## WORK INSTRUCTION
Your answer should give again, exactly, the lines from the beginning of the entries below through the line containing "Rose Quartz Handmade". It must contain no pictures.

## RECORDED INFORMATION
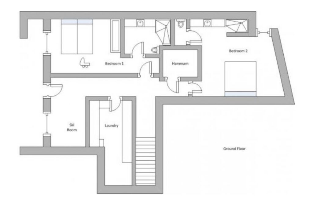 The chalet sleeps 8 people in four en-suite bedrooms that are arranged on the ground and first floors. For relaxation ease tired legs and bodies in the steam room, whilst children will enjoy the TV lounge on the mezzanine floor above the living room.
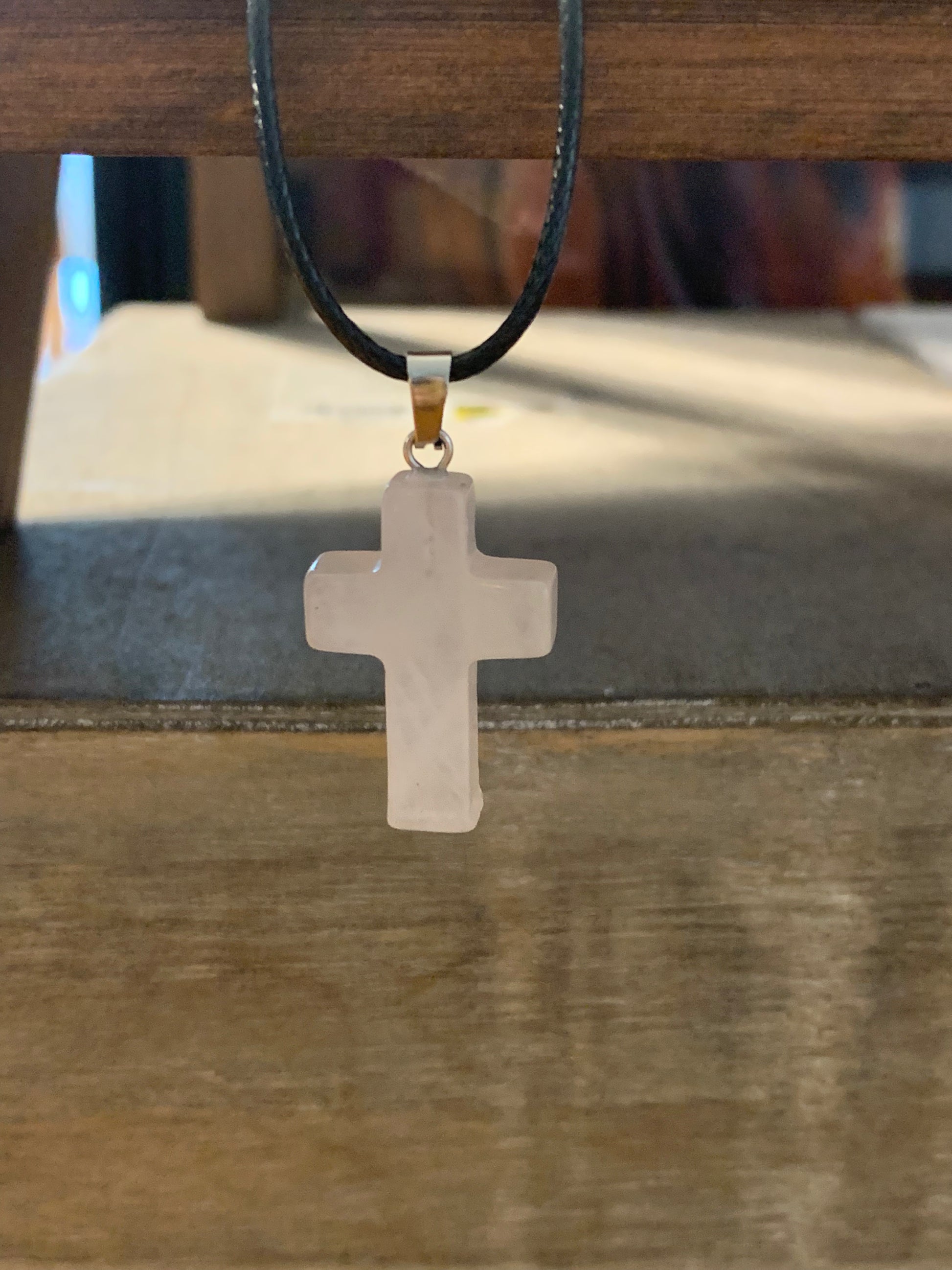 Rose Quartz Handmade natural stone cross pendant with black cord in stainless steel. Chose from: amethyst, malaquite, turquoise, tiger’s eye, blue agate, obsidian, grey agate, green aventurine, rose quartz, picture stone (brown). Each cross is about 1.25 inches in length and 1.00 inches in width. Natural stone varies in color and texture. Each cross is unique
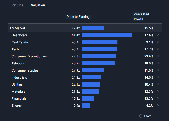 Gli investitori preferiscono il settore sanitario per la crescita futura, che viene scambiato al 61,4x al di sopra del suo rapporto PE medio a 3 anni di 49,4x. La fiducia del mercato è probabile perché gli analisti prevedono una crescita annuale degli utili del 17,6%, che è superiore al calo degli utili dell'anno scorso del 4,7% annuo. Il settore Energia è il meno preferito dagli investitori per la crescita futura. Tuttavia, il sentimento degli investitori sembra essere migliorato dato che viene scambiato al di sopra della sua media triennale di 2,0 volte.
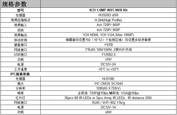 • 产品型号:4CH 1.0MP WiFi NVR Kit
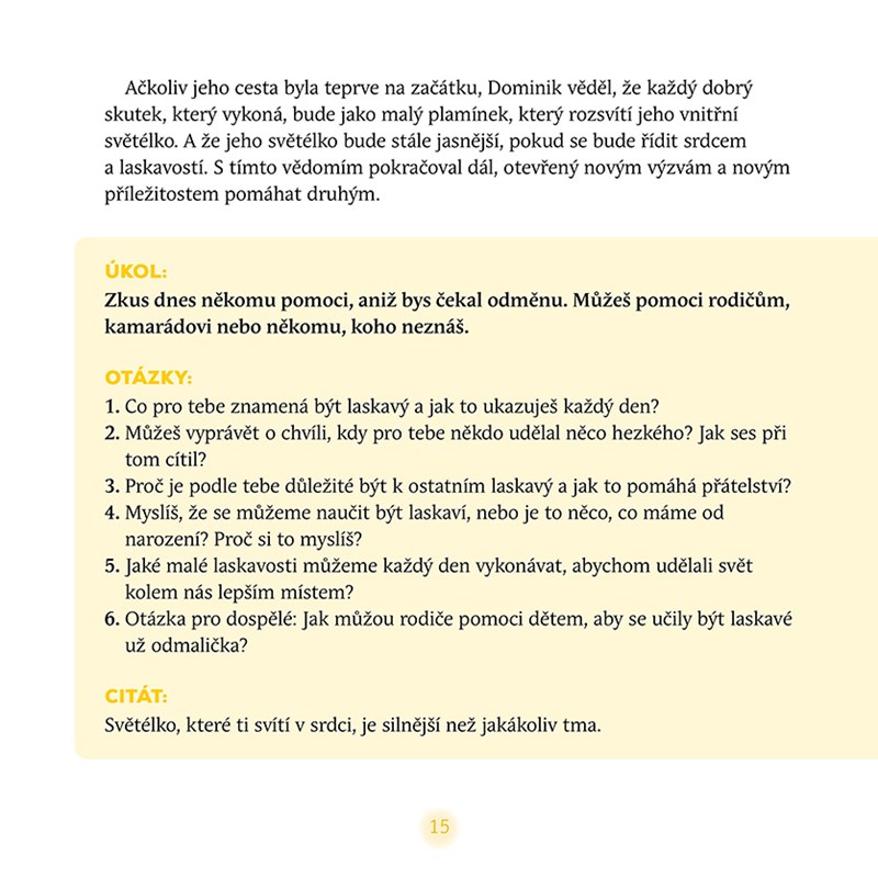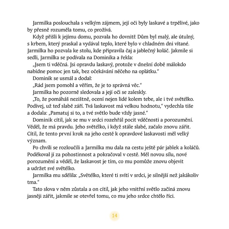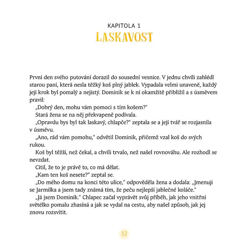 Na každém kroku objevuje, jak vnitřní hodnoty mohou proměnit jeho vlastní svět, ale i životy ostatních. Moudří a laskaví průvodci pomohou světlo malého Dominika opět rozzářit – a prozáří i srdce malých i velkých čtenářů.
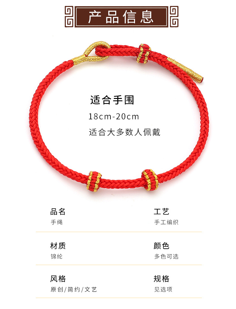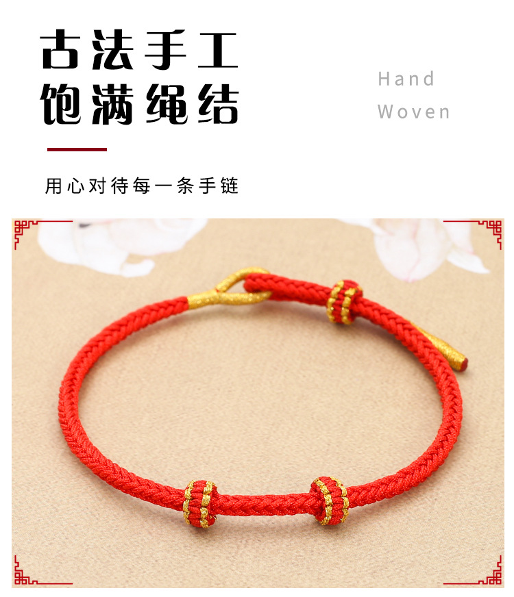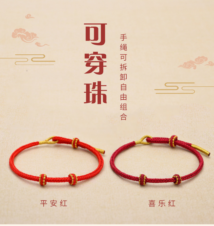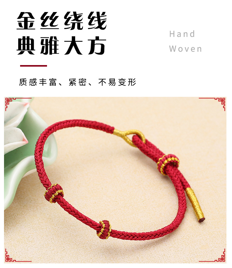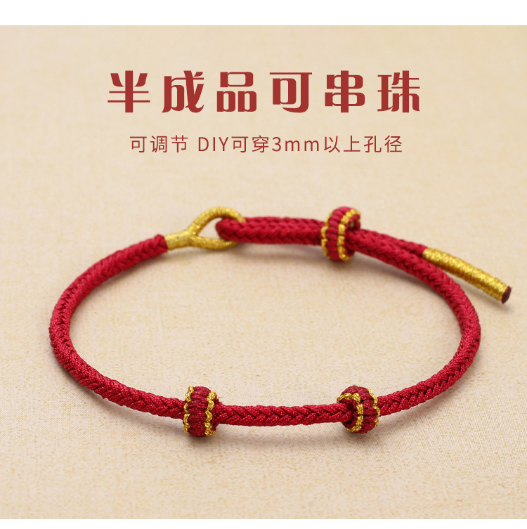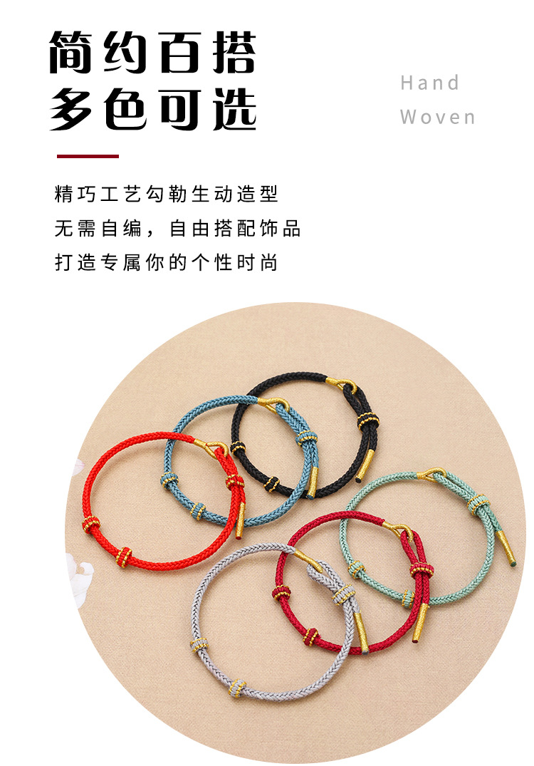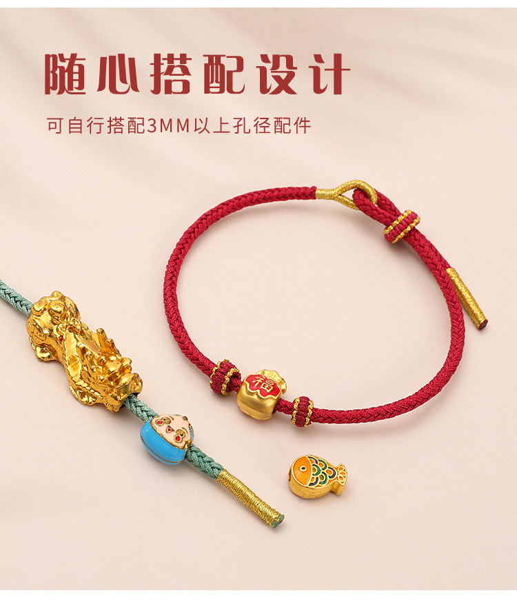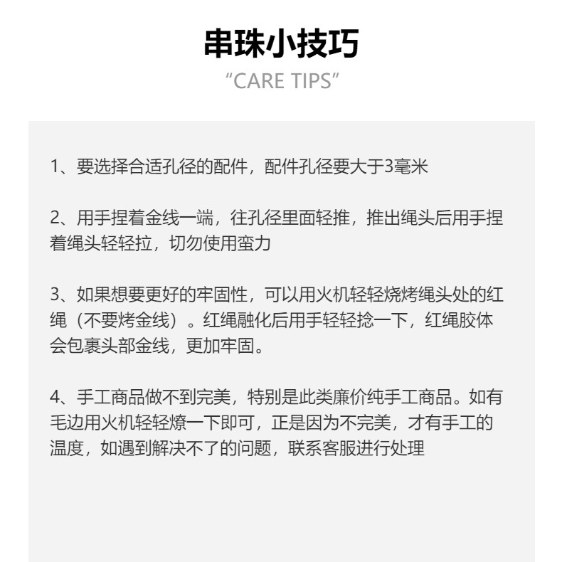 温馨提示:金线不具有火烧粘结的特性,所以用该款式穿珠的时候,请务必保证配件孔径大于绳体直径,穿孔的时候用手捏着金线头小心穿入,请勿蛮力硬拉。如因操作不当导致金线脱线,无法进行售后,诚信交易,互相理解,谢谢!
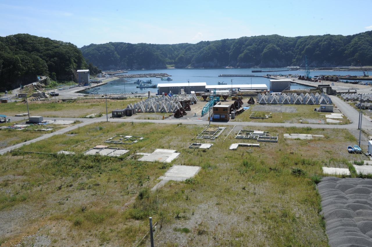 かつて、たろう観光ホテルのい斜め向かい側にあった民宿で、ネット上の口コミ評判もとても良かった民宿です。第2防潮堤のエリアはたろう観光ホテルが3階まで津波に飲み込まれ、壊滅的な被害を受けたものの、建物はかろうじて残って、残骸が津波の凄さを物語っています。周囲にあった建物は全て流失していて、いまは土台しか残っていません。

## EXERCISE RESPONSE
 The chalet sleeps 8 people in four en-suite bedrooms that are arranged on the ground and first floors. For relaxation ease tired legs and bodies in the steam room, whilst children will enjoy the TV lounge on the mezzanine floor above the living room.
 Rose Quartz Handmade natural stone cross pendant with black cord in stainless steel. Chose from: amethyst, malaquite, turquoise, tiger’s eye, blue agate, obsidian, grey agate, green aventurine, rose quartz, picture stone (brown). Each cross is about 1.25 inches in length and 1.00 inches in width. Natural stone varies in color and texture. Each cross is unique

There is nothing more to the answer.